[REQUIRED ACTION]
Nothing but the lines from the one with "やり方は簡単。 「中央のマグ" through the end of the material should be retyped, word for word and without pictures.

----

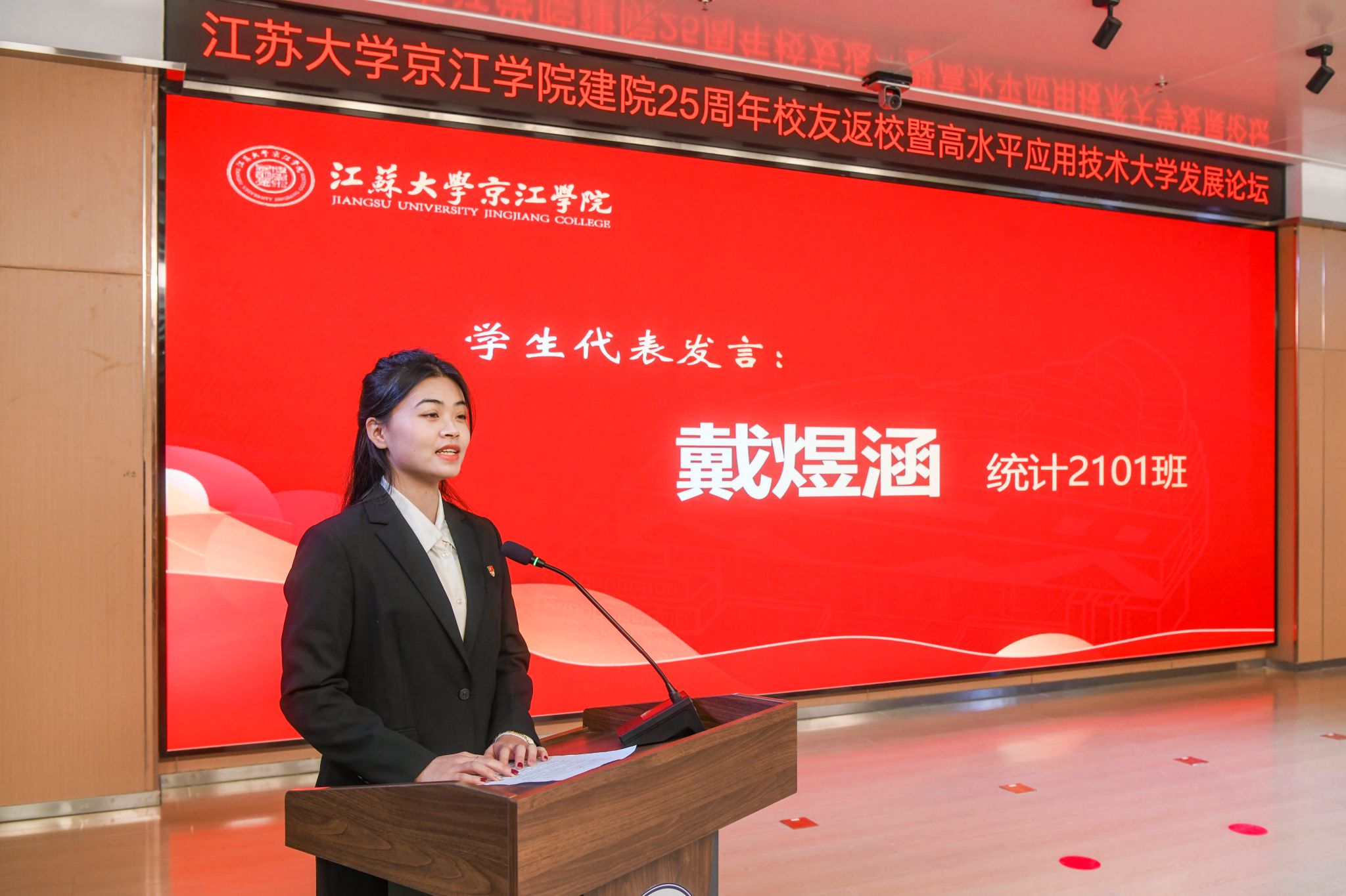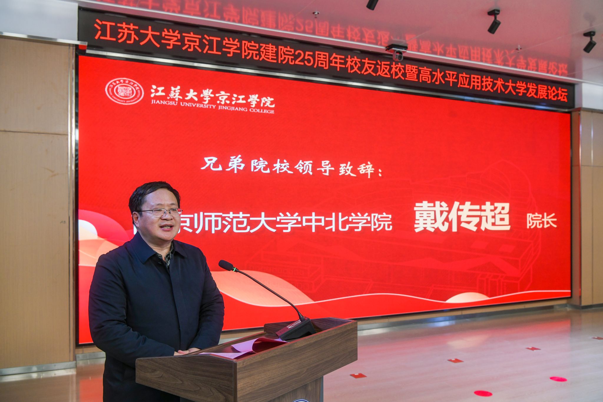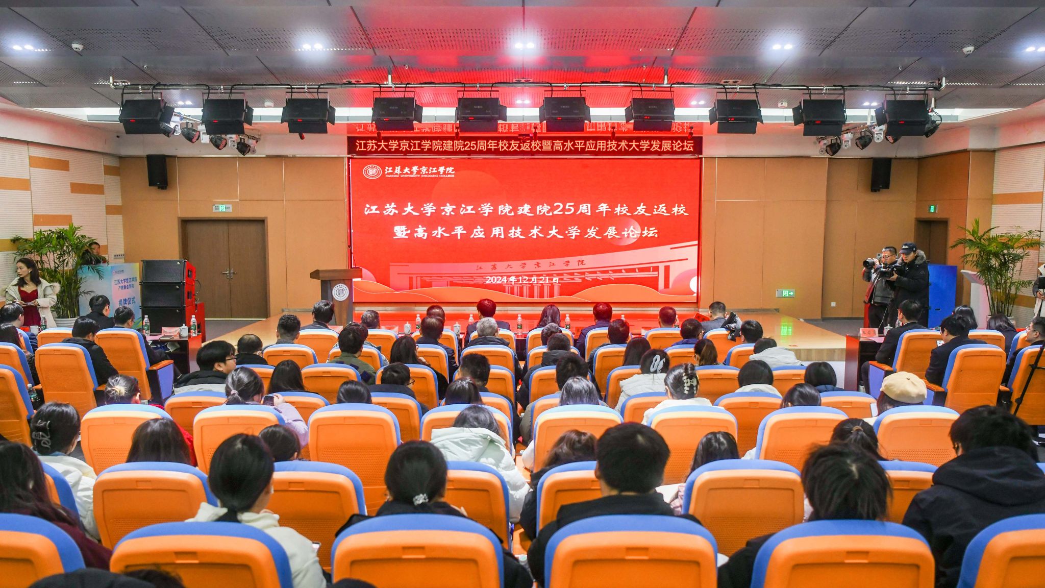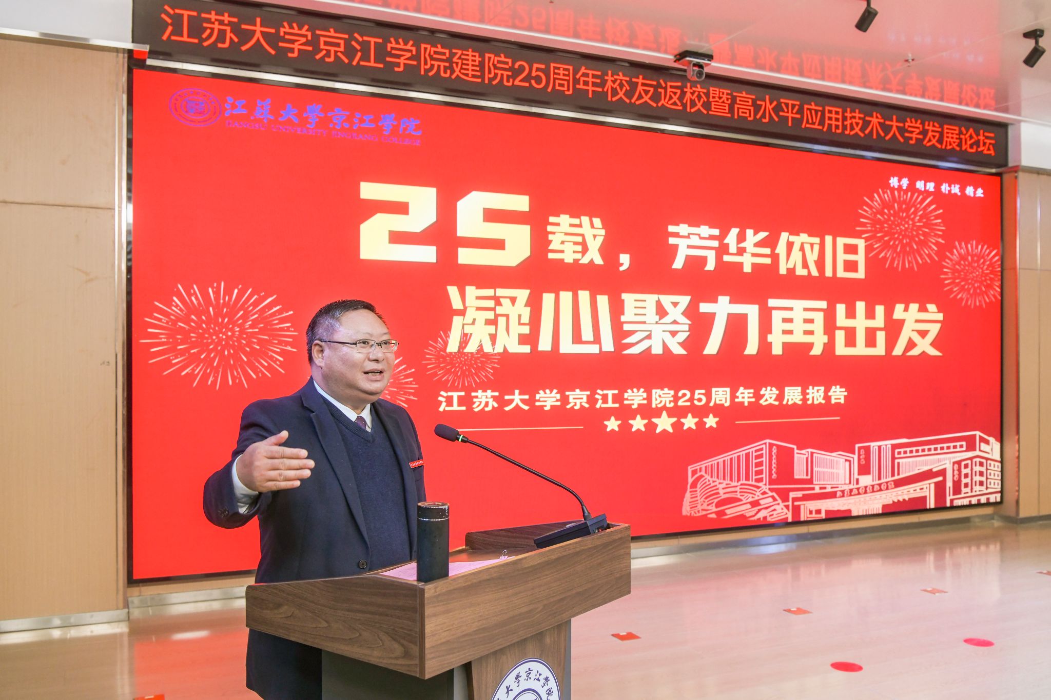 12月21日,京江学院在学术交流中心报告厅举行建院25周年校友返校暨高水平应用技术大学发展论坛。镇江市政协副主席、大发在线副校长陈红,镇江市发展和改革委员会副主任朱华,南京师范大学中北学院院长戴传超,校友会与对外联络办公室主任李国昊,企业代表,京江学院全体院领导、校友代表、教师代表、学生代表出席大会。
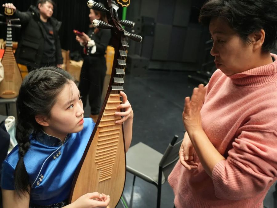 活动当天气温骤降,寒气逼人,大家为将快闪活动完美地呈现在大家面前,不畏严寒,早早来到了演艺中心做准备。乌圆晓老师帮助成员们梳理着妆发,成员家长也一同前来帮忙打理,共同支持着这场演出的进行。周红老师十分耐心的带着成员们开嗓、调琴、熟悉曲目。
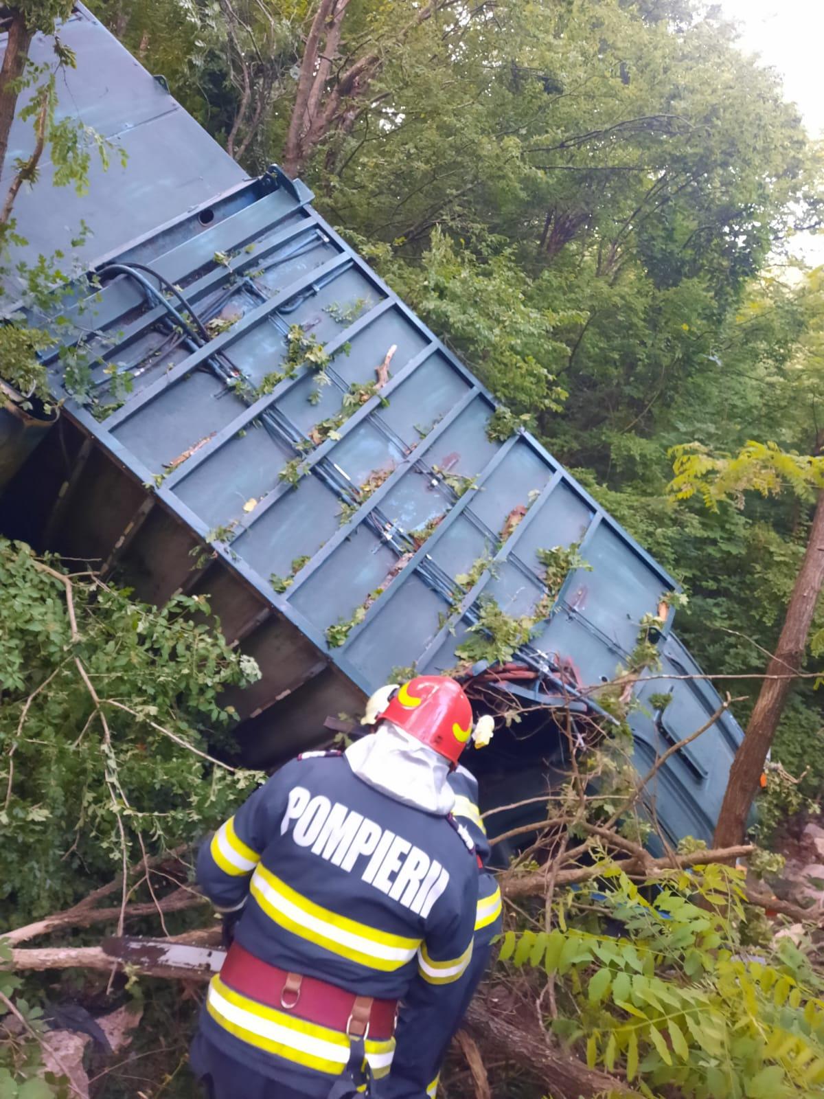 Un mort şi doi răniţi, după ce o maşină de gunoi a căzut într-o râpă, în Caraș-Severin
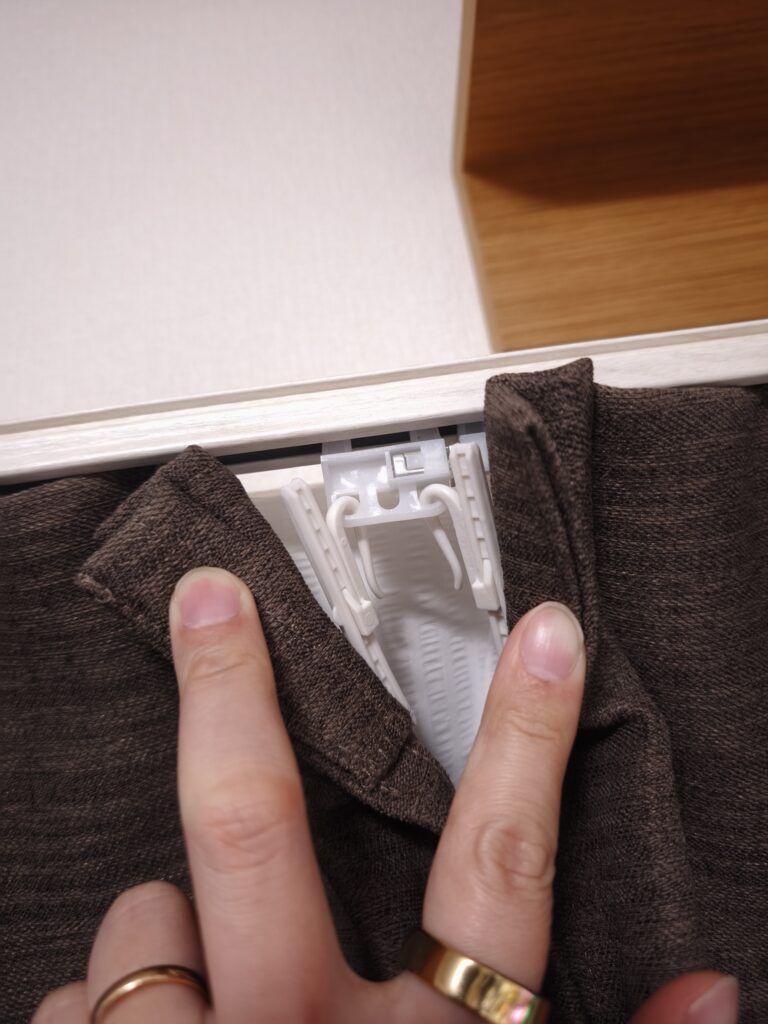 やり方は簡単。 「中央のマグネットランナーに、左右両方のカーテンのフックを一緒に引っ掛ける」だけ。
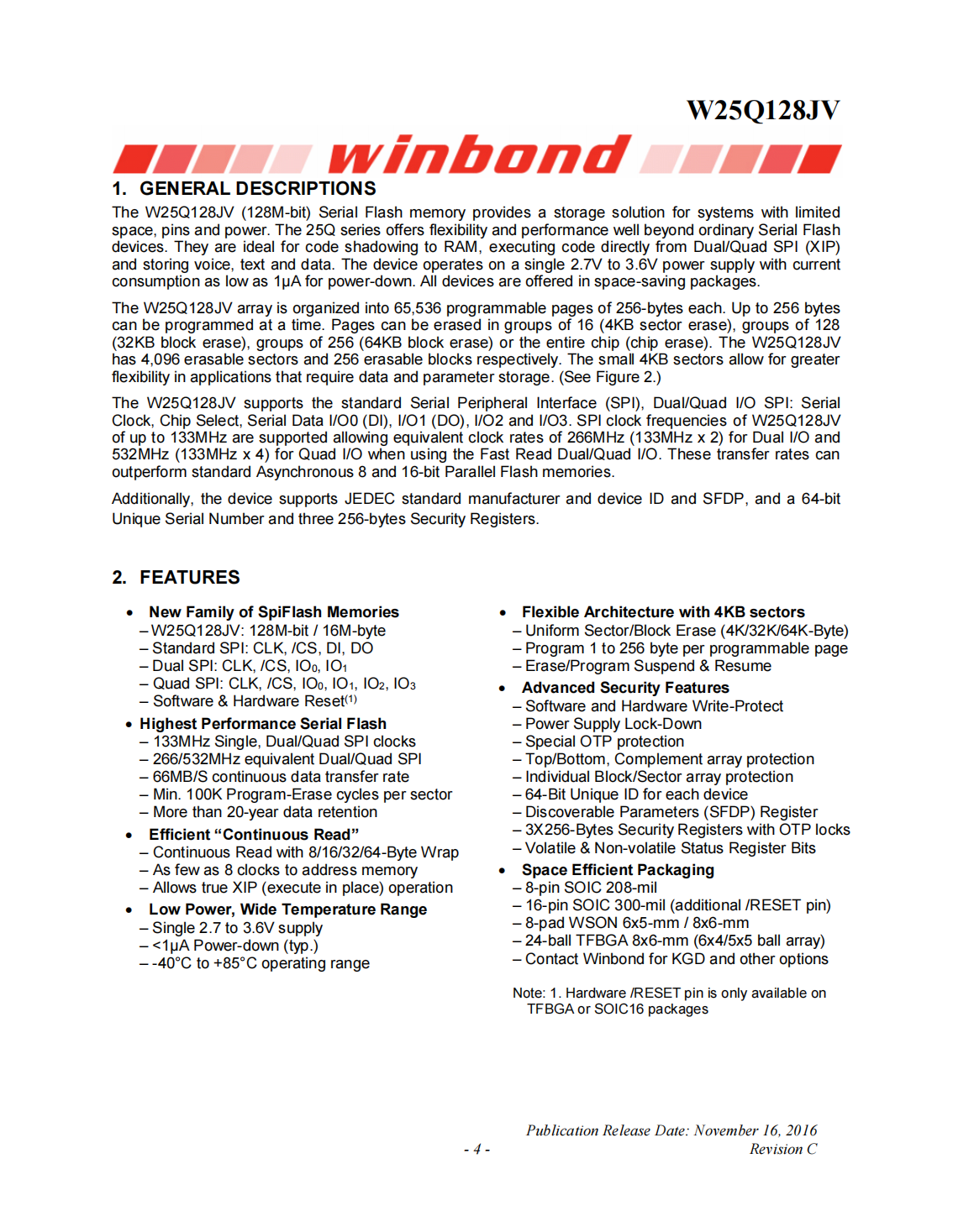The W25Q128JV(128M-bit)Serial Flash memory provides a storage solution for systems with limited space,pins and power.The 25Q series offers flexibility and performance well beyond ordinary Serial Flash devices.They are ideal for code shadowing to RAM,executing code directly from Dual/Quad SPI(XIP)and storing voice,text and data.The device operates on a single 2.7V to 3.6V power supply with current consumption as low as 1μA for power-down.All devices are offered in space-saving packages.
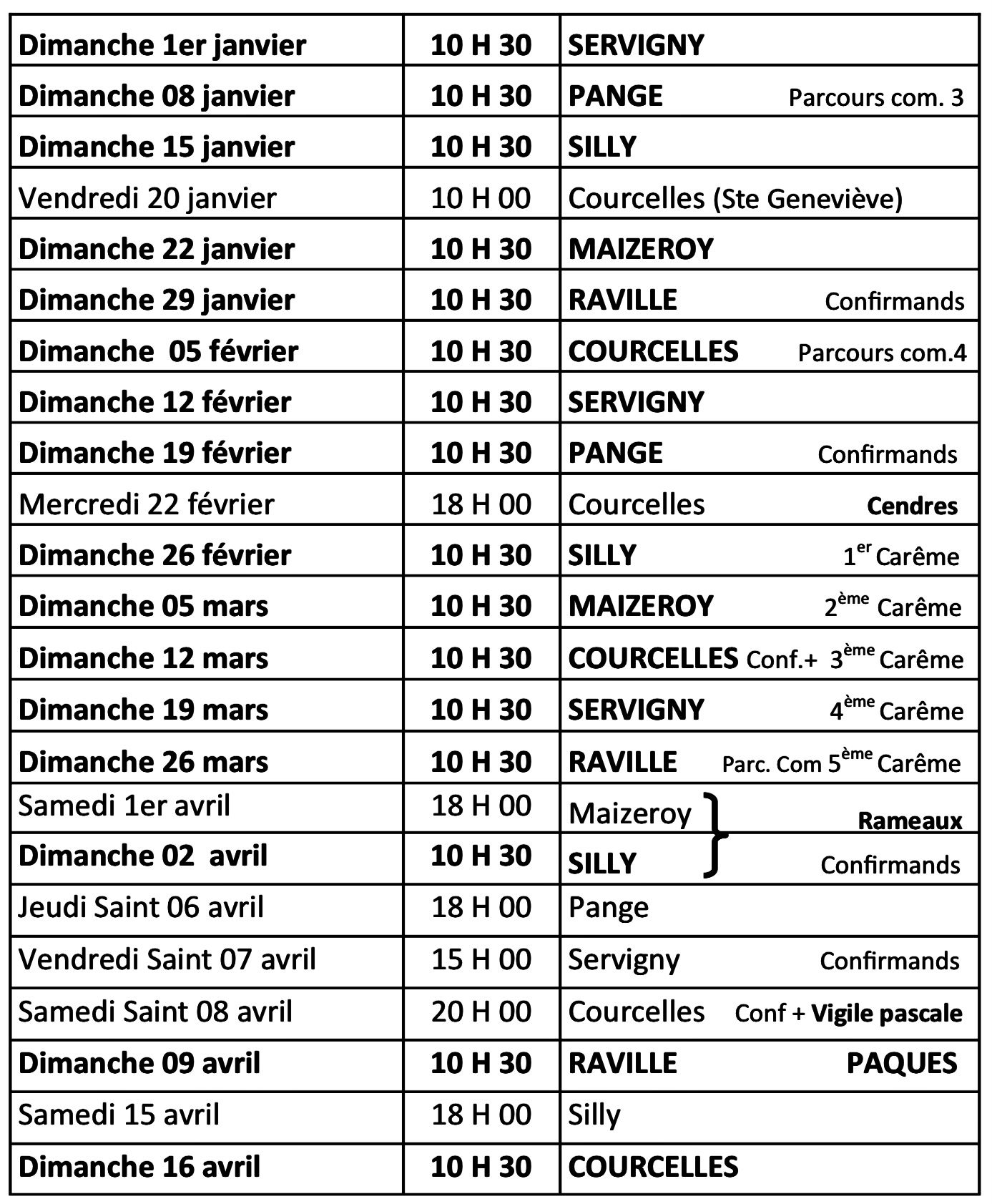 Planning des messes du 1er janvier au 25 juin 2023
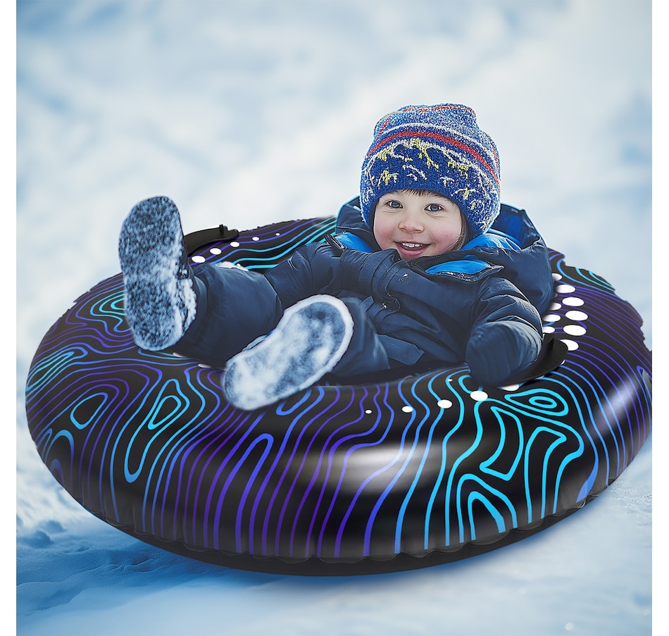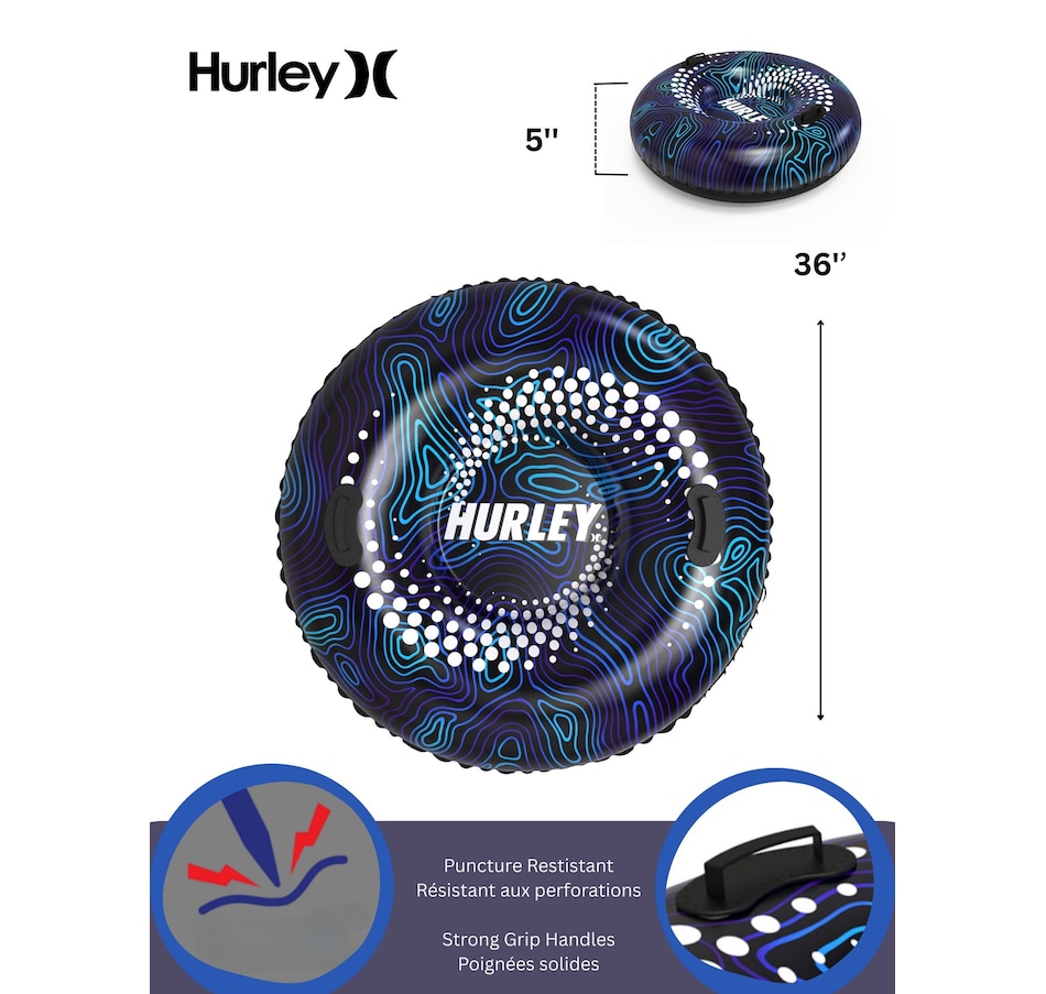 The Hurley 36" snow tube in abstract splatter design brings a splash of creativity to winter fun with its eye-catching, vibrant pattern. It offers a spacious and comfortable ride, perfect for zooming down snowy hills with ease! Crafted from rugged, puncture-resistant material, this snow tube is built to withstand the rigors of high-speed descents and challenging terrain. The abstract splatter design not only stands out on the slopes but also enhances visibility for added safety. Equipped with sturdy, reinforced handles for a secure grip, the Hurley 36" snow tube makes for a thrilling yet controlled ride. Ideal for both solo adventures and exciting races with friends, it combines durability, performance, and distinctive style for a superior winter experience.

----

[REPLY]
 やり方は簡単。 「中央のマグネットランナーに、左右両方のカーテンのフックを一緒に引っ掛ける」だけ。
The W25Q128JV(128M-bit)Serial Flash memory provides a storage solution for systems with limited space,pins and power.The 25Q series offers flexibility and performance well beyond ordinary Serial Flash devices.They are ideal for code shadowing to RAM,executing code directly from Dual/Quad SPI(XIP)and storing voice,text and data.The device operates on a single 2.7V to 3.6V power supply with current consumption as low as 1μA for power-down.All devices are offered in space-saving packages.
 Planning des messes du 1er janvier au 25 juin 2023
 The Hurley 36" snow tube in abstract splatter design brings a splash of creativity to winter fun with its eye-catching, vibrant pattern. It offers a spacious and comfortable ride, perfect for zooming down snowy hills with ease! Crafted from rugged, puncture-resistant material, this snow tube is built to withstand the rigors of high-speed descents and challenging terrain. The abstract splatter design not only stands out on the slopes but also enhances visibility for added safety. Equipped with sturdy, reinforced handles for a secure grip, the Hurley 36" snow tube makes for a thrilling yet controlled ride. Ideal for both solo adventures and exciting races with friends, it combines durability, performance, and distinctive style for a superior winter experience.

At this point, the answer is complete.